■ Information supplied ■
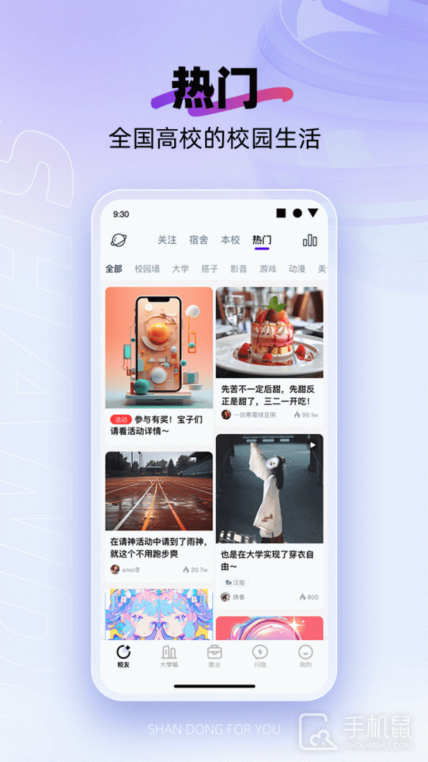 3.【精彩的内容推荐】:校园墙、搭子、游戏、美妆、美食等等,你想看的这里都有!一起来感受校友的元气满满吧。
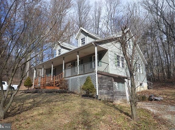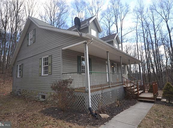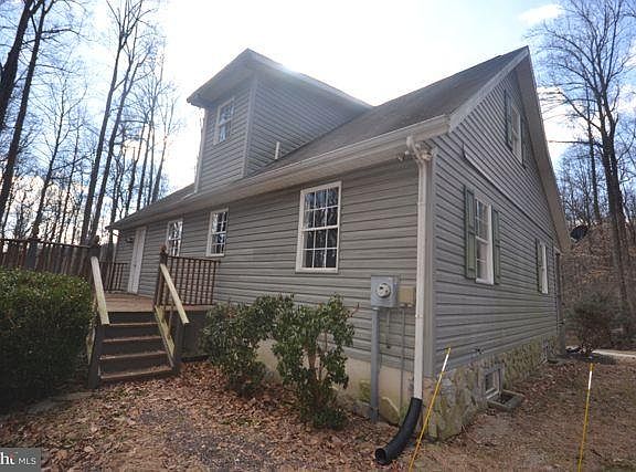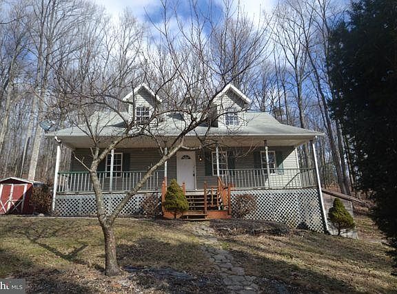 Enjoy a private wooded setting on over 4 acres from this 1.5 story home with vaulted ceilings, balcony and full length front porch. 3 bedrooms, 2 baths, walkout basement, rear deck and over 1800 square feet with additional potential on the lower level. This is a Fannie Mae Homepath Property.
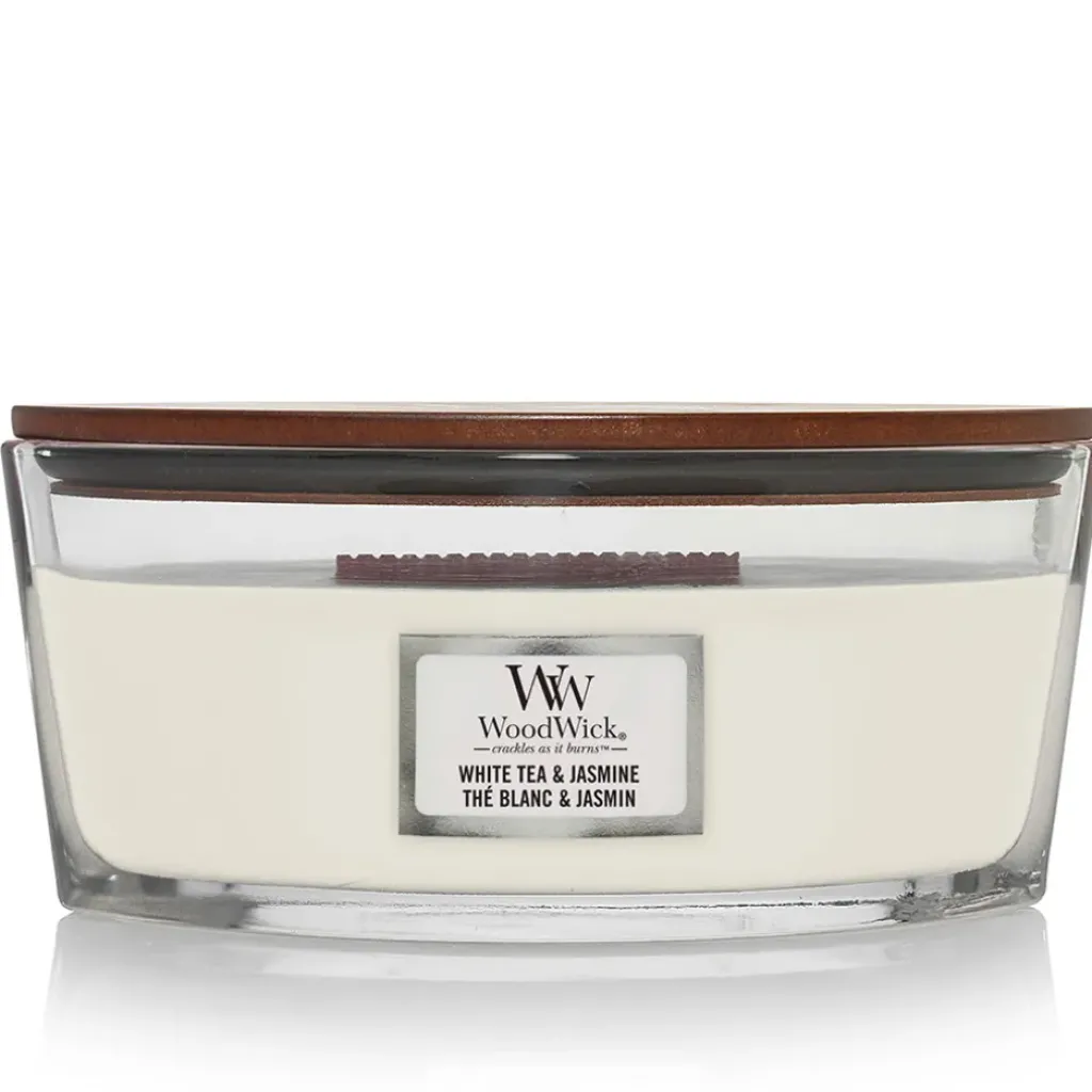 Découvrez la bougie ellipse thé blanc & jasmin de la marque Woodwick, une véritable invitation à la détente et à l’évasion.
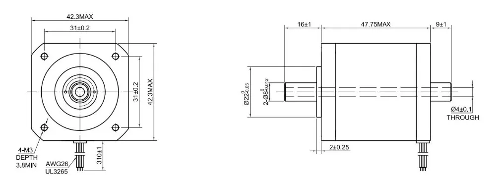 Размер оправы: 42x42 ммДлина корпуса: 47,75 ммНаружный диаметр вала: Φ8 ммВнутренний диаметр вала: Φ4 ммДлина переднего вала: 16 ммДлина заднего вала: 9 ммКоличество проводов: 4Длина свинца: 310 ммВес: 0,26 кг
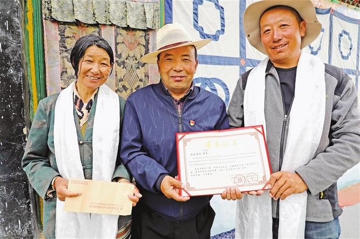 那嘎村黨委書(shū)記嘎瑪扎西(中)為脫貧戶次仁達(dá)瓦一家頒發(fā)榮譽(yù)證書(shū)。
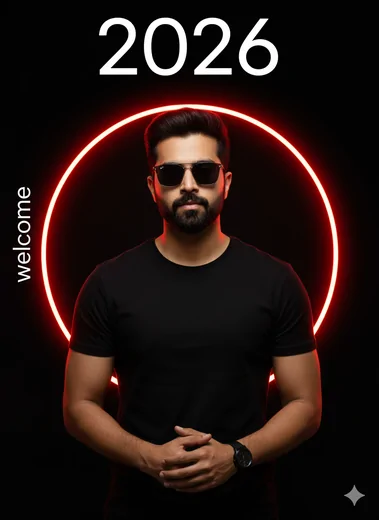 A cool, confident young man with a well-defined beard and dark sunglasses, wearing a simple fitted black t-shirt, standing perfectly centered against a pure, deep black background. His hands are calmly clasped in front of him, posture relaxed yet powerful. Behind him, a single flawless circle of intense red neon light glows vividly, forming a perfect halo that frames his upper body and creates striking contrast against the darkness. Above his head, the year “2026” appears in a clean, modern white sans-serif font, sharp and minimal. To the left side of the frame, the word “welcome” is written vertically in a thin white font, adding balance and graphic elegance. The image is captured in ultra-crisp 8K cinematic DSLR quality, with extreme clarity, high contrast, and precise edge definition. Lighting is highly controlled and directional, illuminating only the subject and the neon ring, producing dramatic shadows and a sleek, futuristic atmosphere. Subtle skin texture, realistic fabric detail, natural beard definition, and authentic light reflections enhance realism while maintaining a minimalist aesthetic. Facial identity consistency: 100.999% identical facial features, bone structure, skin texture, beard shape, hairline, and expression, perfectly matching the provided reference image, no deviation. Style: Ultra-realistic, cinematic, retro-modern, stylish, trendy, minimalist, edgy, graphic design Mood: Confident, festive, premium New Year celebration, bold, futuristic
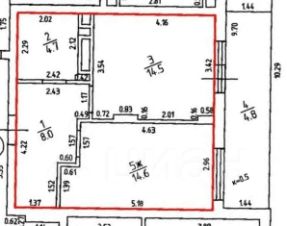 Параметры: терраса 9.5 КВ.м, кухня 14.5 КВ.м, спальня 14.6 КВ.м, коридор с гардеробной 8 КВ.м, сан.узел 4.7 КВ.м.

■ Problem to work on ■
What you return from the records above should be exactly everything from the line with "Découvrez la bougie" down to the line with "那嘎村黨委書(shū)記嘎瑪", both kept, and no pictures.

■ Answer for this exercise ■
 Découvrez la bougie ellipse thé blanc & jasmin de la marque Woodwick, une véritable invitation à la détente et à l’évasion.
 Размер оправы: 42x42 ммДлина корпуса: 47,75 ммНаружный диаметр вала: Φ8 ммВнутренний диаметр вала: Φ4 ммДлина переднего вала: 16 ммДлина заднего вала: 9 ммКоличество проводов: 4Длина свинца: 310 ммВес: 0,26 кг
 那嘎村黨委書(shū)記嘎瑪扎西(中)為脫貧戶次仁達(dá)瓦一家頒發(fā)榮譽(yù)證書(shū)。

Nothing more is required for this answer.